PAGE 10
The Twinkling Of An Eye
by
“Would I get up if I hadn’t got to get up to get my livin’?” the porter replied.
Paul entered the office, followed by Mike, still wondering why the young man was there at that hour.
After a swift glance round the office Paul put down his bag on the table and turned suddenly to the porter with a question.
“When does Bob get down here?”
Mike looked at the clock in the corner before answering.
“It’ll be ten minutes,” he said, “or maybe twenty, before the boy does be here to-day, seein’ it’s Monday mornin’, an’ he’ll be tired with not workin’ of Sunday.”
“Ten minutes,” repeated Paul, slowly. After a moment’s thought he continued, “Then I’ll have to ask you to go out for me, Mike.”
“I can go anywhere ye want, Mister Paul,” the porter responded.
“I want you to go—-” began Paul, “I want you to go—-” and he hesitated, as though he was not quite sure what it was he wished the porter to do, “I want you to go to the office of the Gotham Gazette and get me two copies of yesterday’s paper. Do you understand?”
“Maybe they won’t be open so early in the mornin’,” said the Irishman.
“That’s no matter,” said Paul, hastily correcting himself; “I mean that I want you to go there now and get the papers if you can. Of course, if the office isn’t open I shall have to send again later.”
“I’ll be goin’ now, Mister Paul,” and Mike took his hat from a chair and started off at once.
Paul walked through the store with the porter. When Mike had gone the young man locked the front door and returned at once to the private office in the rear. He shut himself in, and lowered all the shades so that whatever he might do inside could not be seen by any one on the outside.
Whatever it was he wished to do he was able to do it swiftly, for in less than a minute after he had closed the door of the office he opened it again and came out into the main store with his bag in his hand. He walked leisurely to the front of the store, arriving just in time to unlock the door as the office-boy came around the corner smoking a cigarette.
When Bob, still puffing steadily, was about to open the door and enter the store he looked up and discovered that Paul was gazing at him. The boy pinched the cigarette out of his mouth and dropped it outside, and then came in, his eyes expressing his surprise at the presence of the senior partner’s son down-town at that early hour in the morning.
Paul greeted the boy pleasantly, but Bob got away from him as soon as possible. Ever since the young man had told what had gone on in the office when Bob was its only occupant, the office-boy was a little afraid of the young man, as though somewhat mysterious, not to say uncanny.
Paul thought it best to wait for the porter’s return, and he stood outside under the archway for five minutes, smoking a cigar, with his bag at his feet.

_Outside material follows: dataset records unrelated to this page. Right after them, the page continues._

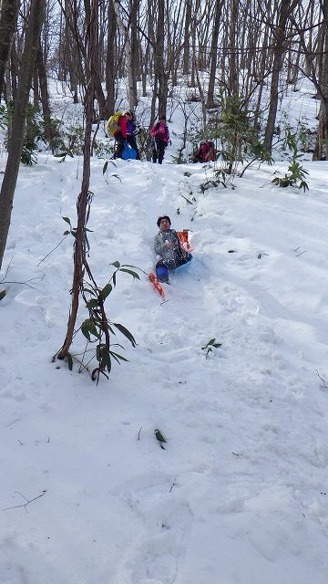 温かいカップ麺ランチを食べながらお話が弾みます。下山はこれまたいつものようにソリ遊びをしながらです。今日の雪質は尻セードでも非常に良く滑ってスリリングでした。
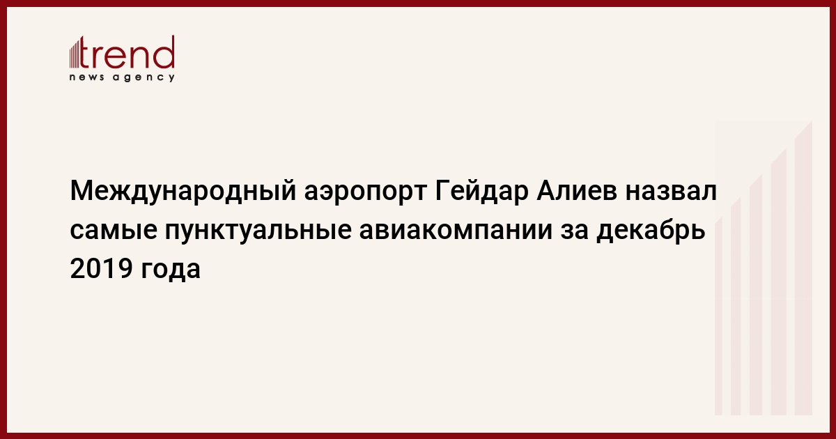Как сообщили в пресс-службе Международного аэропорта Гейдар Алиев, 100-процентный показатель пунктуальности при вылете из Баку в декабре 2019 года показали три авиакомпании Etihad Airways, Kuwait Airways и МАУ (Ukraine International).
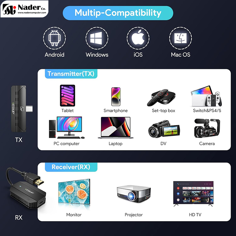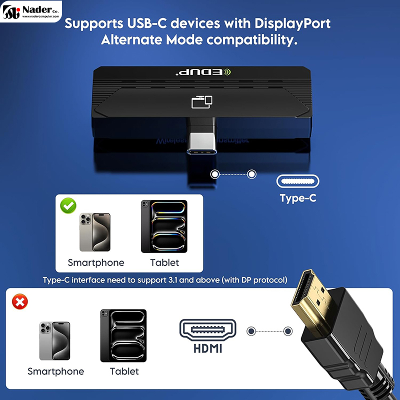 دانگل بی‌سیم HDMI مدل EDUP Wireless HDMl Transmitter and Receiver با تلفن‌های همراه ( گوشیهای با پشتیبانی از سیستم PD ) ، تبلت‌ها، لپ‌تاپ‌ها، رایانه‌های شخصی سازگار است و می‌تواند به صورت بی‌سیم از طریق خروجی TYPE-C  به اکثر نمایشگرها مانند تلویزیون و مانیتور یا ویدیو پروژکتور  متصل شود. دانگل بی‌سیم Type-C to HDMI مدل EDUP Wireless HDMl Transmitter and Receiver از لپ‌تاپ‌ها، تلویزیون‌ها، مانیتورها پشتیبانی می‌کند. توجه داشته باشید تلفن‌های همراه نسخه Type C باید از DP-Alt Mode پشتیبانی کنند.
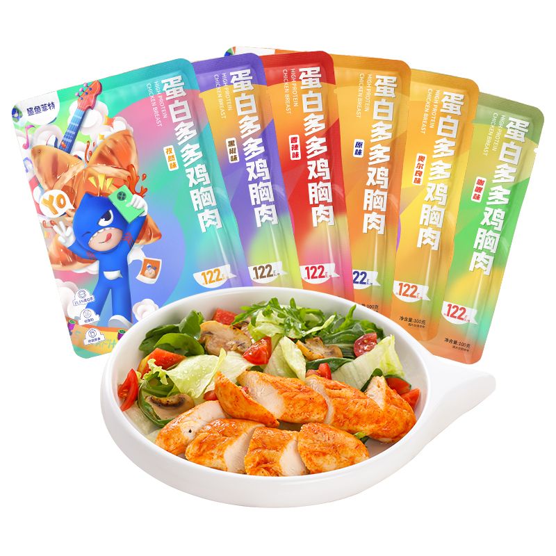 商品名称:鲨鱼菲特鸡胸肉100g*9袋即食健身高蛋白代餐减低脂饱腹鸡肉
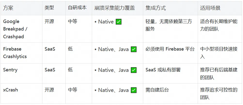 Google Breakpad/Crashpad:它们是 Native 崩溃捕获的“黄金标准”,提供了从信号捕获、Minidump 生成到后台解析的全套工具链。它们是许多商业方案的技术基石,但自行集成和后台搭建成本较高。

When Mike came back with the two copies of the Sunday newspaper he had been sent to get, Paul gave him the money for them and an extra quarter for himself. Then the young man picked up his bag again.
“When my father comes down, Mike,” he said, “tell him I may be a little late in getting back this morning.”
“An’ are ye goin’ away now, Mister Paul?” the porter asked. “What good was it that ye got out o’ bed before breakfast and come down here so early in the mornin’?”
Paul laughed a little. “I had a reason for coming here this morning,” he answered, briefly; and with that he walked away, his bag in one hand and the two bulky, gaudy papers in the other.
Mike watched him turn the corner, and then went into the store again, where Bob greeted him promptly with the query why the old man’s son had been getting up by the bright light.